▸ Required action:
Retype only what runs from the first line of the listing to the line holding "4月27日下午,国家杰出青年", both included. Do not retype the pictures.

---------- Data

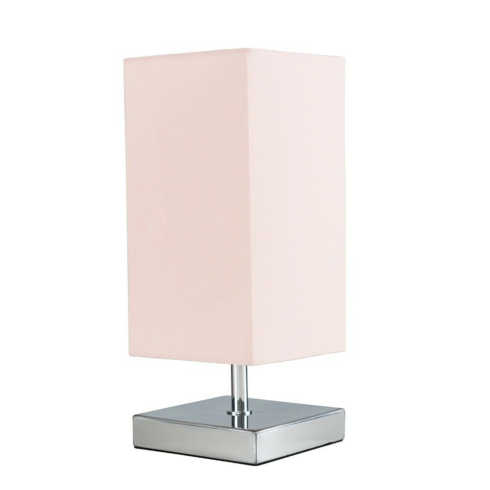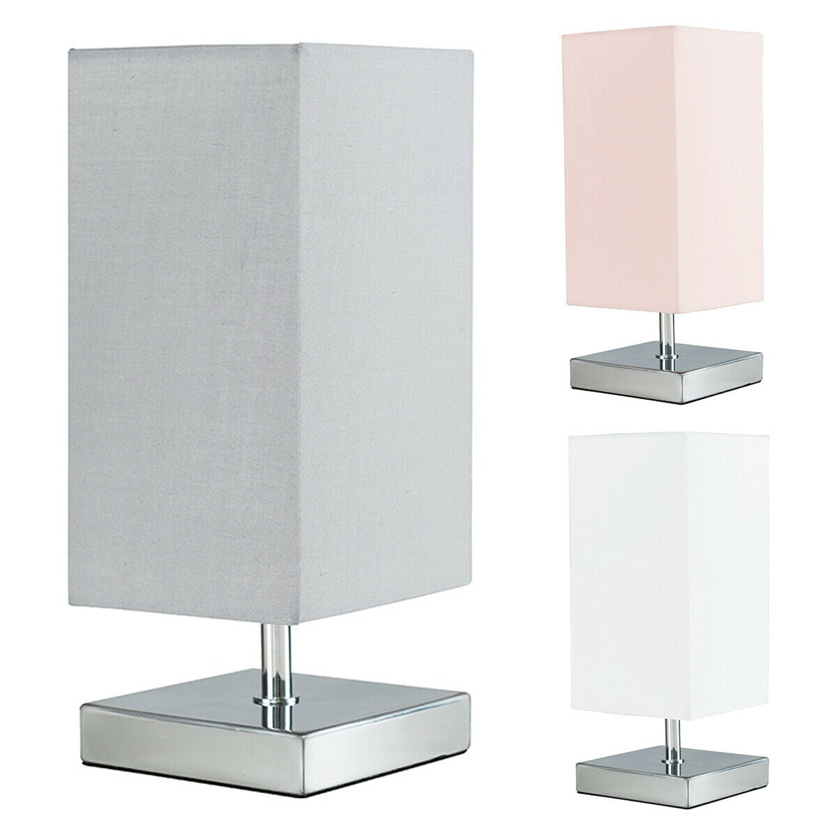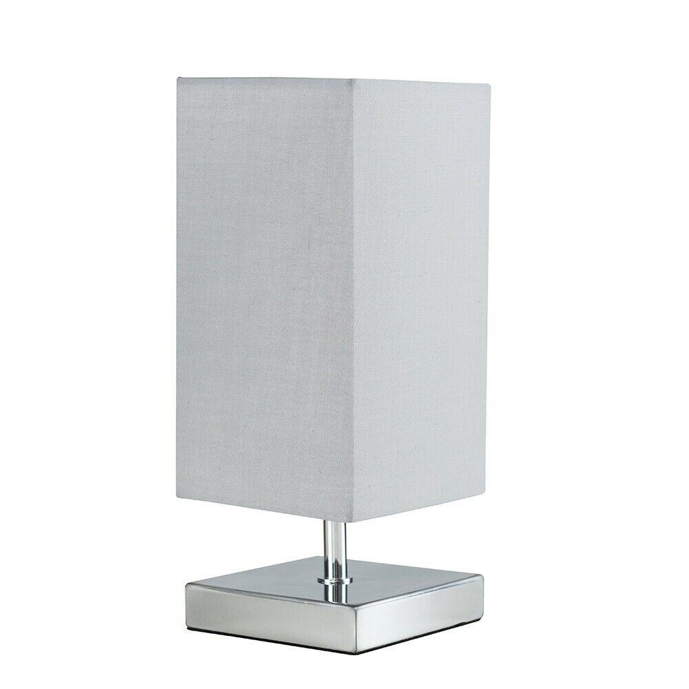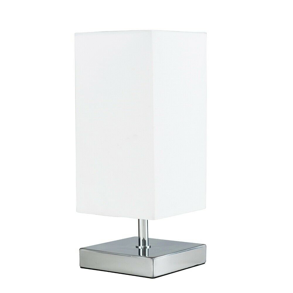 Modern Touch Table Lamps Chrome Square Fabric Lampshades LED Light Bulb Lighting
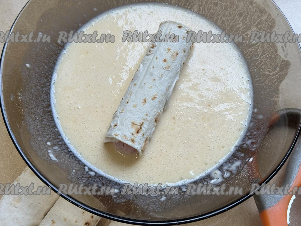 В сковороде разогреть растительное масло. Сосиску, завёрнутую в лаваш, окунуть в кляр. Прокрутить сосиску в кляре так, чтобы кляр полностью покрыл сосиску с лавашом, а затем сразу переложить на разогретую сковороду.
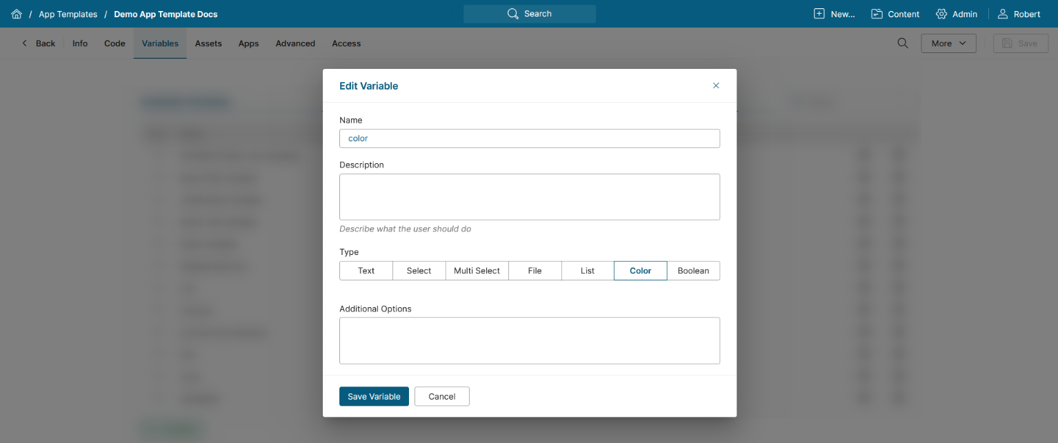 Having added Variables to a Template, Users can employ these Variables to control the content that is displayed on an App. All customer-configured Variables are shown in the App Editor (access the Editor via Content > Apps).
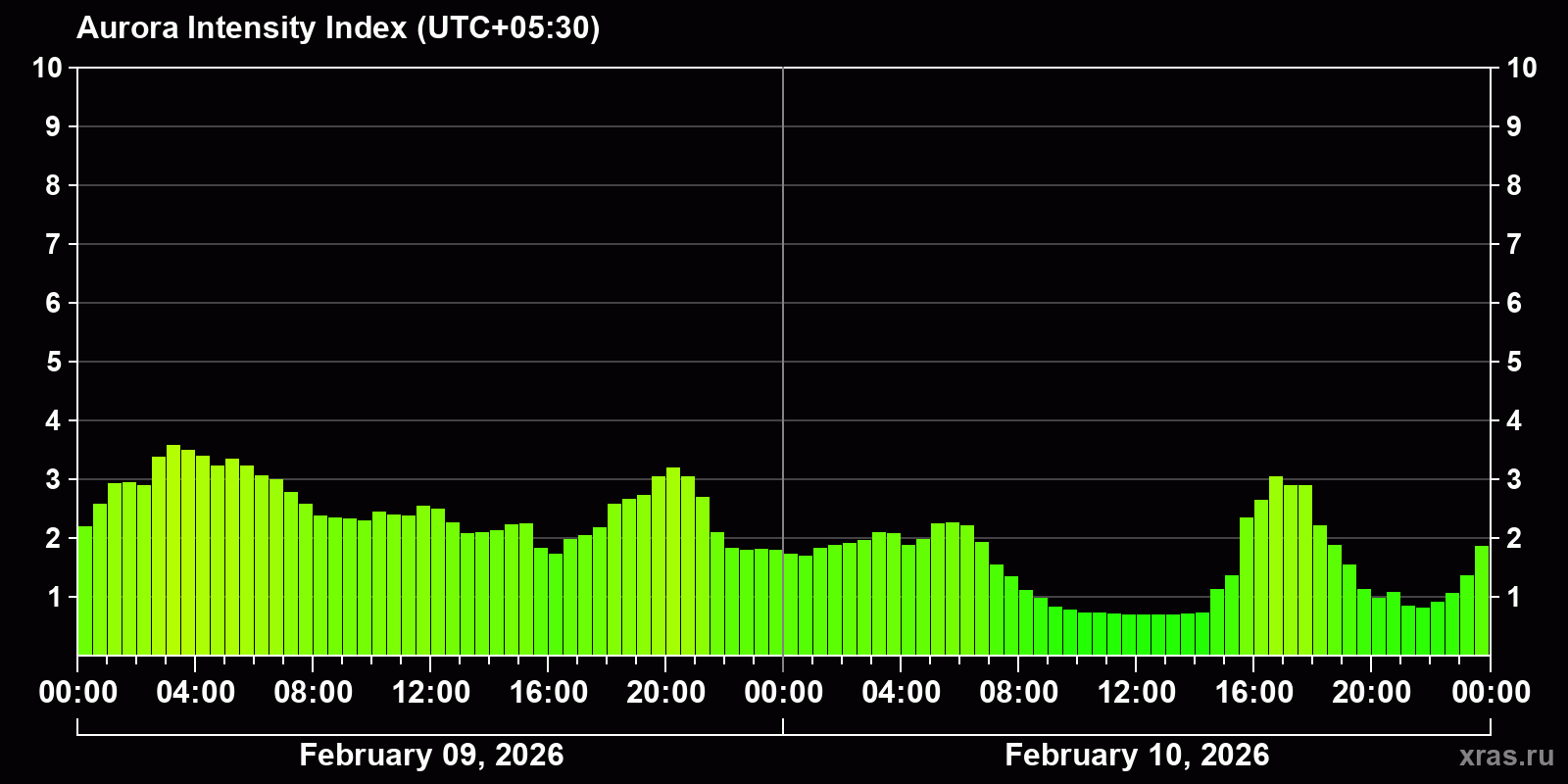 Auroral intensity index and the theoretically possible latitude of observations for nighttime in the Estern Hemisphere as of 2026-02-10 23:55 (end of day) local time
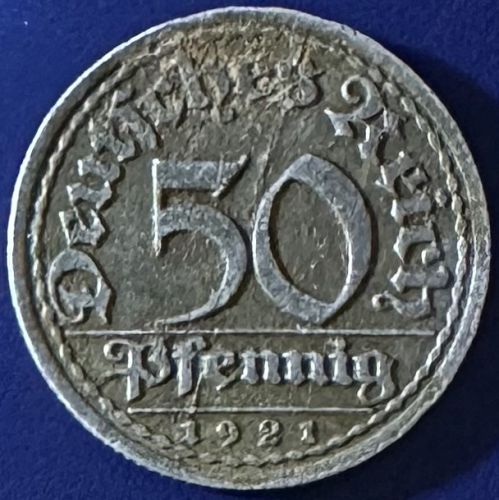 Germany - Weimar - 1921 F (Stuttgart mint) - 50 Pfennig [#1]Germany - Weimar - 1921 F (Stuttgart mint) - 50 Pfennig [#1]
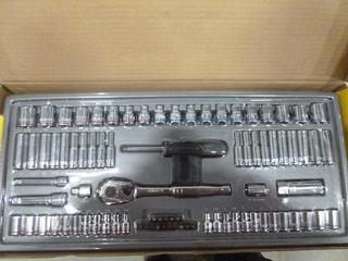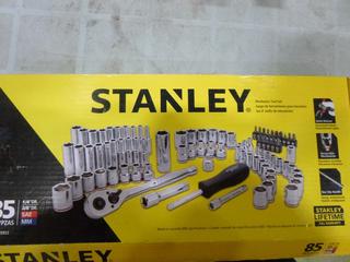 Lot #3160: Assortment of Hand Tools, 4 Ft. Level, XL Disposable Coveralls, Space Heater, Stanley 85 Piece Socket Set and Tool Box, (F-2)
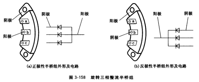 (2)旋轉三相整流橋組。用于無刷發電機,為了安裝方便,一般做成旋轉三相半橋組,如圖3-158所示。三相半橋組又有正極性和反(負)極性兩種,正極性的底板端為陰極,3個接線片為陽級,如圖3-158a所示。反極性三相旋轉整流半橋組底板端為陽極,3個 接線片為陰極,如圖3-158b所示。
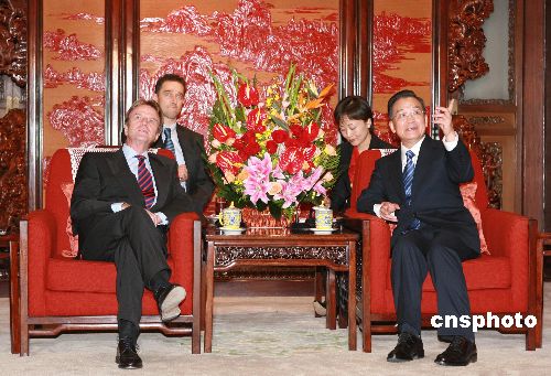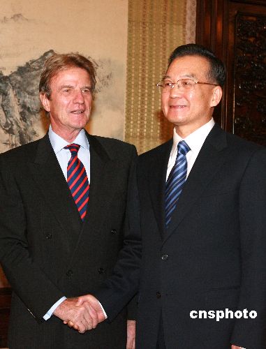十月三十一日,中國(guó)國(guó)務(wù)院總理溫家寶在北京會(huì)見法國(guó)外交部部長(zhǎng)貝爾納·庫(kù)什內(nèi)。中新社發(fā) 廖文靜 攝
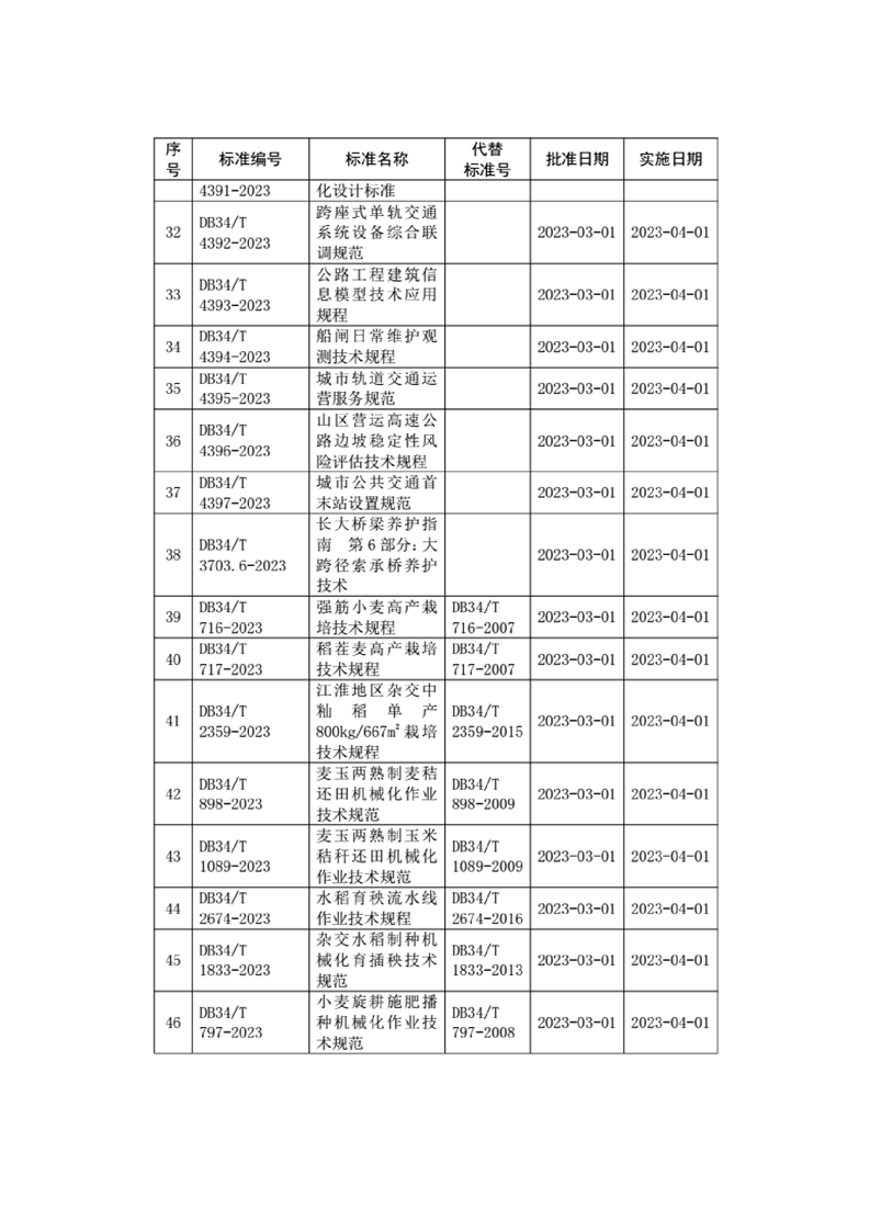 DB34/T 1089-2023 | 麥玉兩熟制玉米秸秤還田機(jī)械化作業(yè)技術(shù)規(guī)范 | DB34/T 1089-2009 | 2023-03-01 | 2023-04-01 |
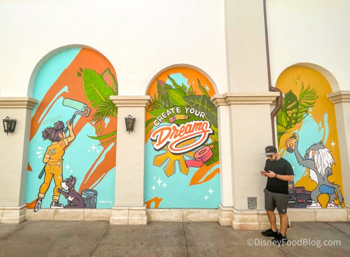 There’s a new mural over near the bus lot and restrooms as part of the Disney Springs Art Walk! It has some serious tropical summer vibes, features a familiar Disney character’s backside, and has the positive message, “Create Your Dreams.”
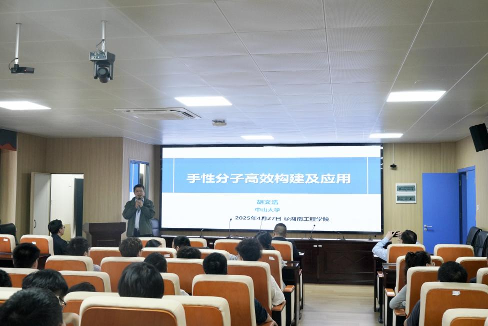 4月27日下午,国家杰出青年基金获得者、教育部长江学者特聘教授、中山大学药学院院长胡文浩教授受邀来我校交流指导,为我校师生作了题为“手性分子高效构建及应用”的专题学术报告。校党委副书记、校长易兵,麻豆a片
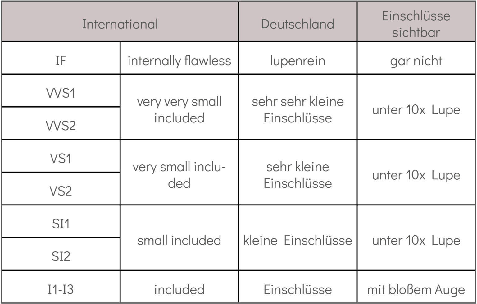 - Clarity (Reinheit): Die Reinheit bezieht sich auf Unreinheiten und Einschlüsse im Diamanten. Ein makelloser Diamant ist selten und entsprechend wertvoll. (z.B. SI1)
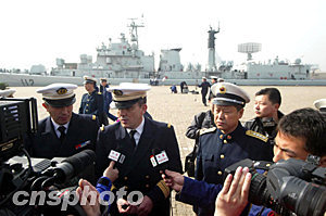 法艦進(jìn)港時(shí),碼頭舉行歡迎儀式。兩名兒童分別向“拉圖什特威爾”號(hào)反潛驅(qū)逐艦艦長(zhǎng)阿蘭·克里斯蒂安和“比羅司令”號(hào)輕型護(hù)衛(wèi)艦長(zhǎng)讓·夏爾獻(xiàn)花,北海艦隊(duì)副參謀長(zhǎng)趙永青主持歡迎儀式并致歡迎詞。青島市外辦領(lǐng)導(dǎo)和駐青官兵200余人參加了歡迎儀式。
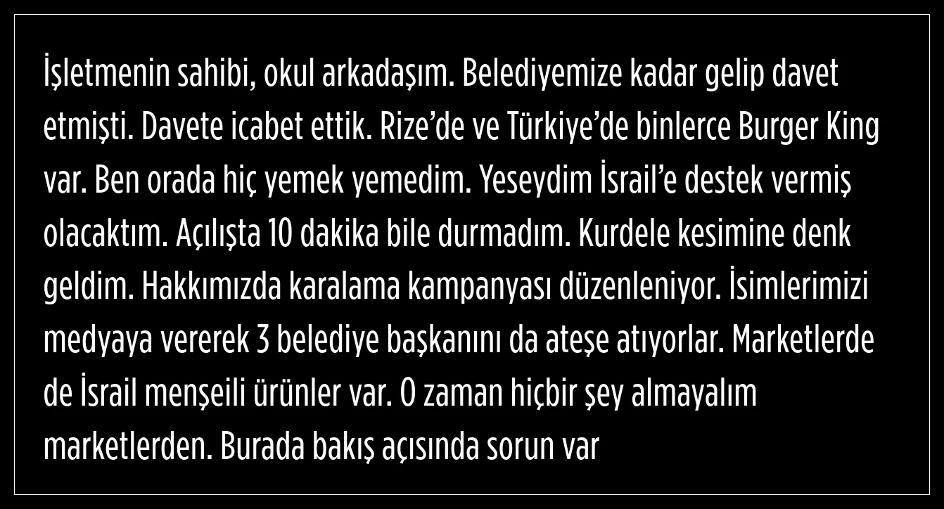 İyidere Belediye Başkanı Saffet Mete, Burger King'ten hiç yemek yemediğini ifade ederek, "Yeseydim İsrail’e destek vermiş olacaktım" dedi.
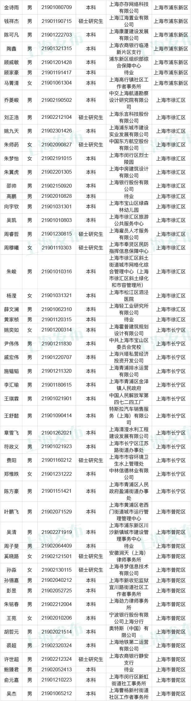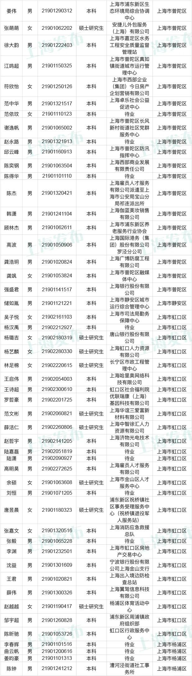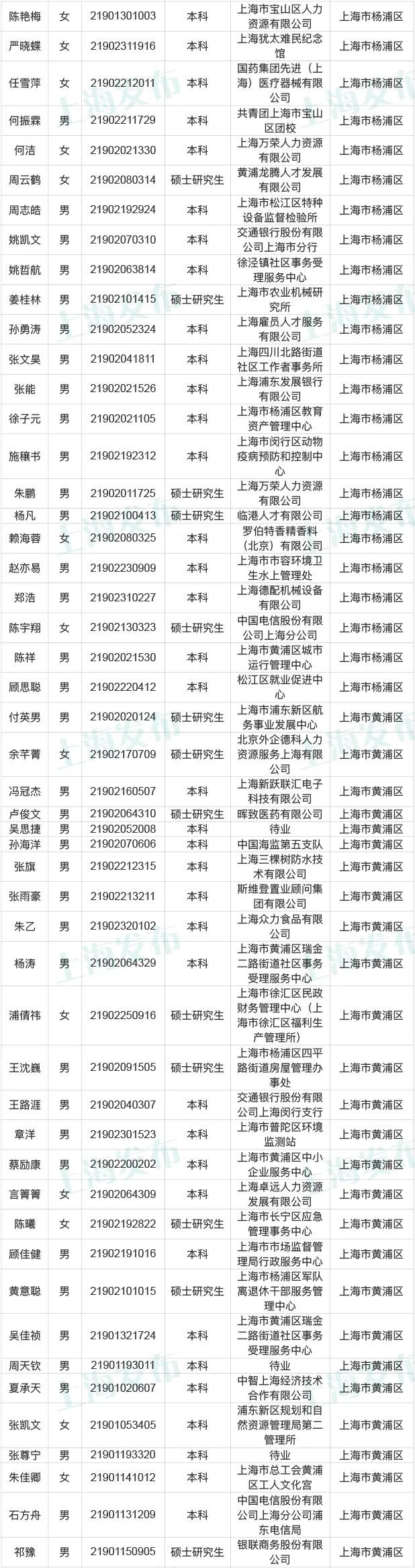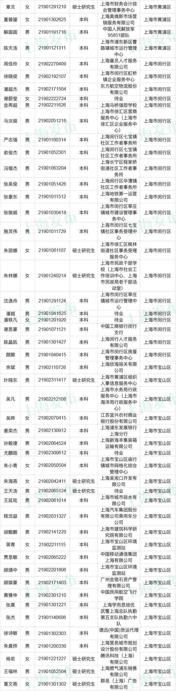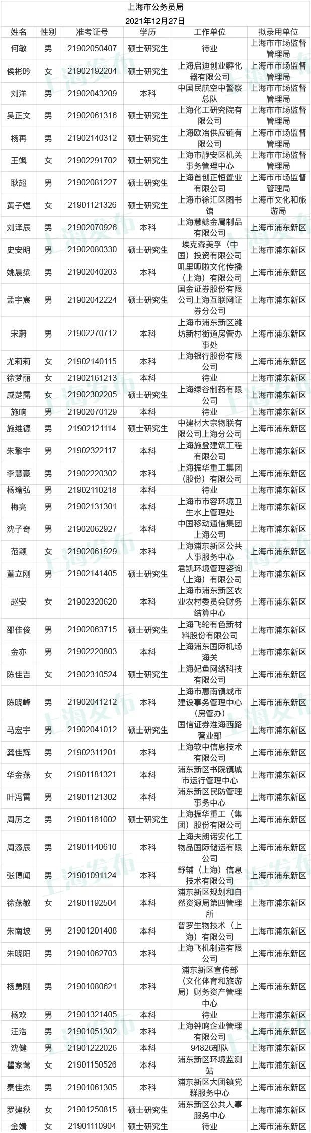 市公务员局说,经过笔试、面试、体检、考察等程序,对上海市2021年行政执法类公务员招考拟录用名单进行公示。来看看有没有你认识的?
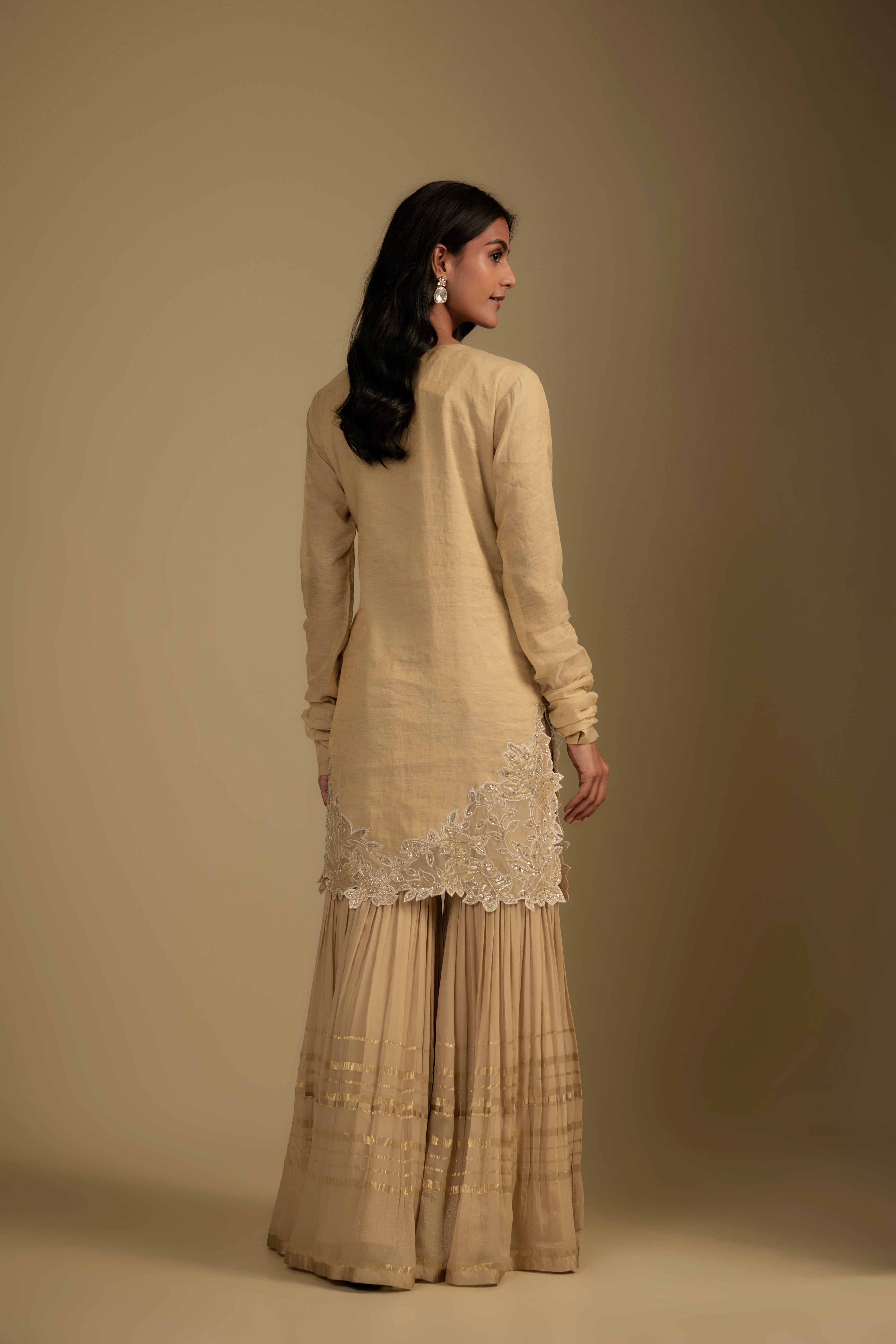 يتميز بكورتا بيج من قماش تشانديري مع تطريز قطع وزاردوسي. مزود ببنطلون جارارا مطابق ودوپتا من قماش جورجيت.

--------------------

▸ Expected answer:
 Modern Touch Table Lamps Chrome Square Fabric Lampshades LED Light Bulb Lighting
 В сковороде разогреть растительное масло. Сосиску, завёрнутую в лаваш, окунуть в кляр. Прокрутить сосиску в кляре так, чтобы кляр полностью покрыл сосиску с лавашом, а затем сразу переложить на разогретую сковороду.
 Having added Variables to a Template, Users can employ these Variables to control the content that is displayed on an App. All customer-configured Variables are shown in the App Editor (access the Editor via Content > Apps).
 Auroral intensity index and the theoretically possible latitude of observations for nighttime in the Estern Hemisphere as of 2026-02-10 23:55 (end of day) local time
 Germany - Weimar - 1921 F (Stuttgart mint) - 50 Pfennig [#1]Germany - Weimar - 1921 F (Stuttgart mint) - 50 Pfennig [#1]
 Lot #3160: Assortment of Hand Tools, 4 Ft. Level, XL Disposable Coveralls, Space Heater, Stanley 85 Piece Socket Set and Tool Box, (F-2)
 (2)旋轉三相整流橋組。用于無刷發電機,為了安裝方便,一般做成旋轉三相半橋組,如圖3-158所示。三相半橋組又有正極性和反(負)極性兩種,正極性的底板端為陰極,3個接線片為陽級,如圖3-158a所示。反極性三相旋轉整流半橋組底板端為陽極,3個 接線片為陰極,如圖3-158b所示。
十月三十一日,中國(guó)國(guó)務(wù)院總理溫家寶在北京會(huì)見法國(guó)外交部部長(zhǎng)貝爾納·庫(kù)什內(nèi)。中新社發(fā) 廖文靜 攝
 DB34/T 1089-2023 | 麥玉兩熟制玉米秸秤還田機(jī)械化作業(yè)技術(shù)規(guī)范 | DB34/T 1089-2009 | 2023-03-01 | 2023-04-01 |
 There’s a new mural over near the bus lot and restrooms as part of the Disney Springs Art Walk! It has some serious tropical summer vibes, features a familiar Disney character’s backside, and has the positive message, “Create Your Dreams.”
 4月27日下午,国家杰出青年基金获得者、教育部长江学者特聘教授、中山大学药学院院长胡文浩教授受邀来我校交流指导,为我校师生作了题为“手性分子高效构建及应用”的专题学术报告。校党委副书记、校长易兵,麻豆a片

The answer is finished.